Che vantaggi porteranno le città  metropolitane?
«Sono un’innovazione forte e importante, che si aspettava da 22 anni. Costituiscono una ristrutturazione in senso moderno e un segnale importante sulla volontà  del nostro Stato di affrontare questo momento di crisi». 
Ma porteranno vantaggi anche economici?
«Certo. In un primo momento il personale delle Province defluirà  nelle città  metropolitane, ma in prospettiva ci sarà  un forte risparmio di personale. Ma non sarà  l’unico vantaggio». 
Gli altri?
«La nostra economia ha bisogno soprattutto di una razionalizzazione e di uno sveltimento delle procedure, nel rilascio delle autorizzazioni e nei controlli riservati al soggetto pubblico per le iniziative economiche dei privati». 
Non era meglio abolirle del tutto, le Province?
«Fosse stato per me, sarei stato più radicale e le avrei abolite tutte. In tutto il mondo ci sono solo due livelli di governo locale, i Comuni e le Regioni. Modello organizzativo più che sufficiente». 
Come saranno organizzate le città  metropolitane?
«Abbiamo immaginato un modello molto flessibile. I Comuni capoluogo già  oggi hanno capacità  operative che vanno al di là  del loro territorio e sono azionisti di maggioranza delle multiutility e dei servizi di trasporto. Con questa riforma avranno una capacità  di coordinamento delle funzioni dei Comuni, senza un ente intermedio».
Che organi avranno?
«Il sindaco metropolitano, che coinciderà  con il sindaco del capoluogo, affiancato dal consiglio metropolitano, rappresentativo dei sindaci». 
C’è chi, come Luca Zaia, contesta l’attribuzione ai sindaci metropolitani, non eletti nei territori, dei poteri dei presidenti delle Province. Ad esempio lei, di centrosinistra, diventa il sindaco di territori dove il governatore è la leghista Francesca Zaccariotto.
«Dire questo vuol dire non aver capito l’impostazione della riforma. Non la si deve leggere con le tradizionali lenti della territorialità , ma vederla in relazione alle funzioni». 
Alcuni piccoli Comuni temono di finire dimenticati e assorbiti da quelli più grandi.
«Bisogna superare la visione ottocentesca per la quale tutti i Comuni sono uguali, quello da 200 abitanti e quello da 2 milioni». 
La riforma non salverà  dalla crisi i Comuni: alcuni non sembrano più in grado di pagare gli stipendi.
«La situazione finanziaria è critica. Vedremo come saranno spalmati gli ulteriori sacrifici. E se verranno posti a carico dei Comuni altri 500 milioni, come sembra. In quel caso sarebbe devastante e alcuni Comuni andranno fuori dal patto di stabilità ». 
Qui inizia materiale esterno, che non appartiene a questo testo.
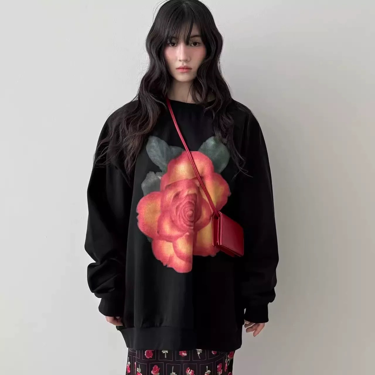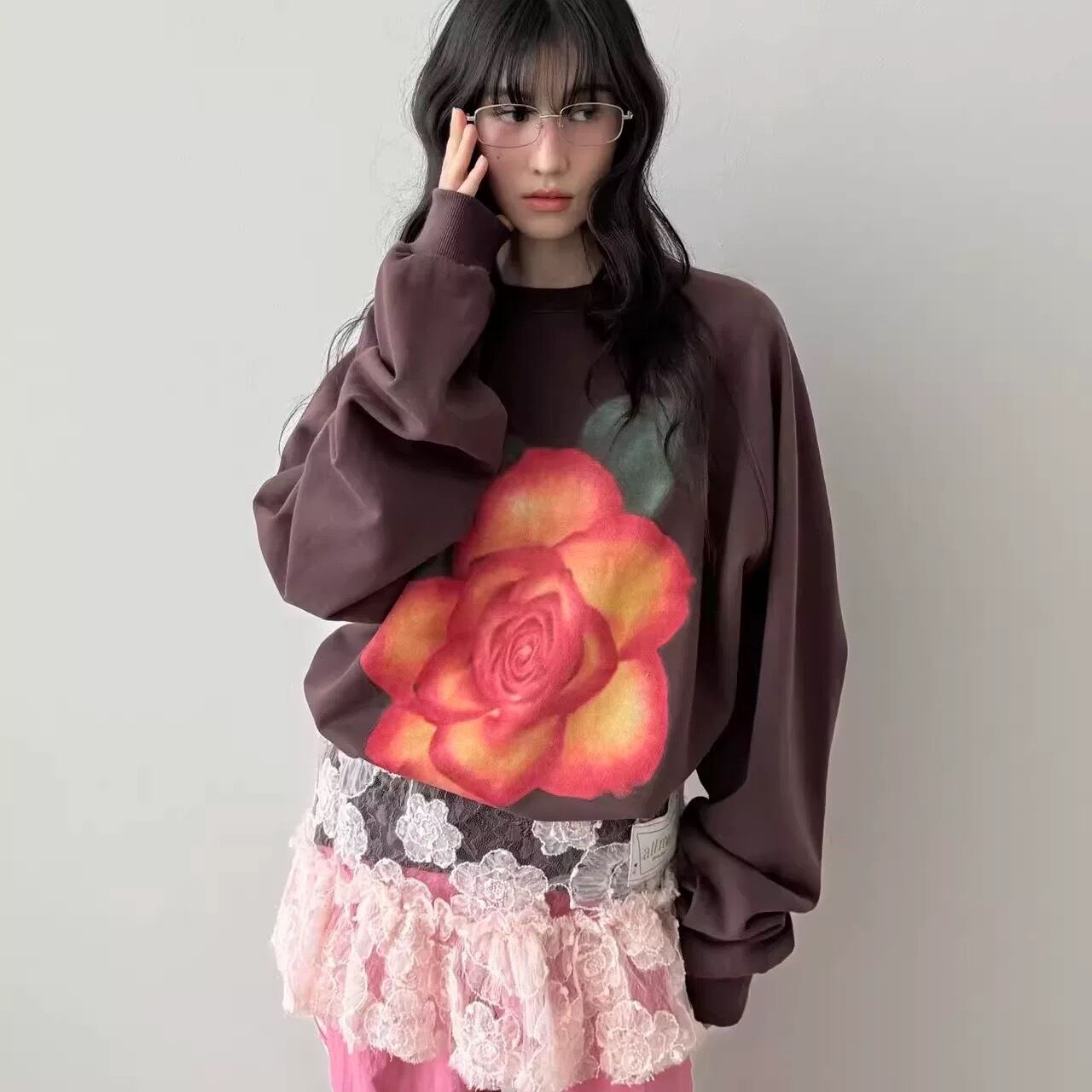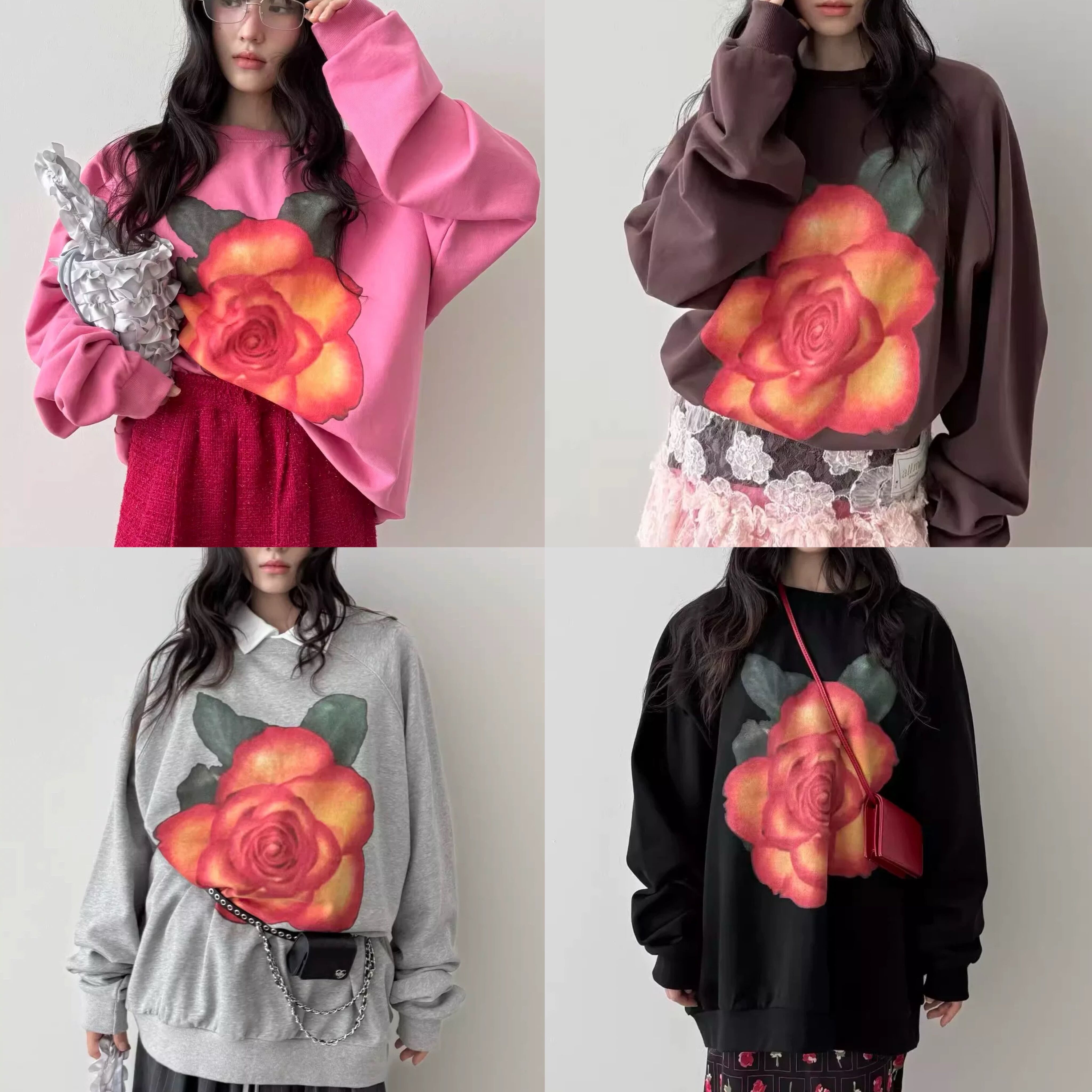 花柄 トレーナー ピンク 茶色 黒 グレー 薔薇 フラワー スウェット トレーナー カジュアル 可愛い

Come reagire a questa situazione?
«A settembre decideremo su un tema che si è affrontato anche in Anci, cioè se uscire tutti in massa dal patto di stabilità  per dimostrare come la situazione a livello comunale sia insopportabile. Del resto, il comparto ha dato all’equilibrio del bilancio dello Stato oltre 20 miliardi: non altrettanto hanno fatto le amministrazioni centrali».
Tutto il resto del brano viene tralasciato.